2. Description of the Prior Art
Paper sheets, thin film, magnetic and other tape, and other similar thin and low weight objects, generally referred to as a "sheet" object throughout this description, are used extensively in various office equipment such as copiers, printers, video- and audio- tape recorders and players, photo- and video-cameras, etc. Conventional sheet feeding and conveying devices contained in these machines are typically based on a feed roller driven by an electrical stepper motor coupled with a gear box. Although widely used, these devices limit the opportunities for making the business machines more compact due to the complexity of such arrangement as well as the inherent size and weight of the stepper motor and associated gear box and sophisticated control electronics. Further efforts to make business machines small and light demand the use of a more simple but yet reliable sheet feeding device.
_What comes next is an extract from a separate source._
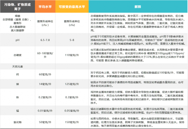 雞對水源中的礦物質有較強的耐受力。但要注意微生物的生長,因為許多礦物質也是微生物的營養物。最好通過軟化的手段控制錳、硫磺、鈉、鎂離子的含量,也間接地防止水垢生成。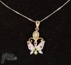 Ciondolo a forma di farfalla in Argento 925 e placcato oro giallo con Opale etiope con piccoli rodoliti e diopsidi sulla farfalla. dimensioni cm.1,8x3,4H con gancio. Peso 3,4 grammi. Venduto con scatolina regalo. La catenina in argento nelle fotografie non è inclusa nel prezzo, si può acquistare cercando codice BJ545

Piezoelectric and ultrasonic motors and paper sheet conveying devices are also generally known in the prior art. Occasionally, they are used to drive the feeding rollers of the device instead of a stepper motor as suggested for example in the U.S. Pat. No. 5,548,176 by Oda. Piezoelectric motors and sheet feeders offer an advantageous balance of small size, simple control electronics, good energy efficiency, and enough power for transporting such light objects as a sheet of paper. Therefore, their use in business machines as paper feeders has gained acceptance in recent years.
Two broad categories of piezoelectric conveying devices can be identified analyzing the prior art:
devices with a "surface contact" in which the area between the piezoelectric element and the base support structure is wide so that it is the surface of the vibrating element itself that provides a firm contact with the conveying sheet and determines the direction of transporting, and PA1 devices with a "linear contact" in which the area between the piezoelectric element and the base roller has a small width of about 0.5 mm or less so that the rotating roller in turn feeds the sheet in a predetermined direction.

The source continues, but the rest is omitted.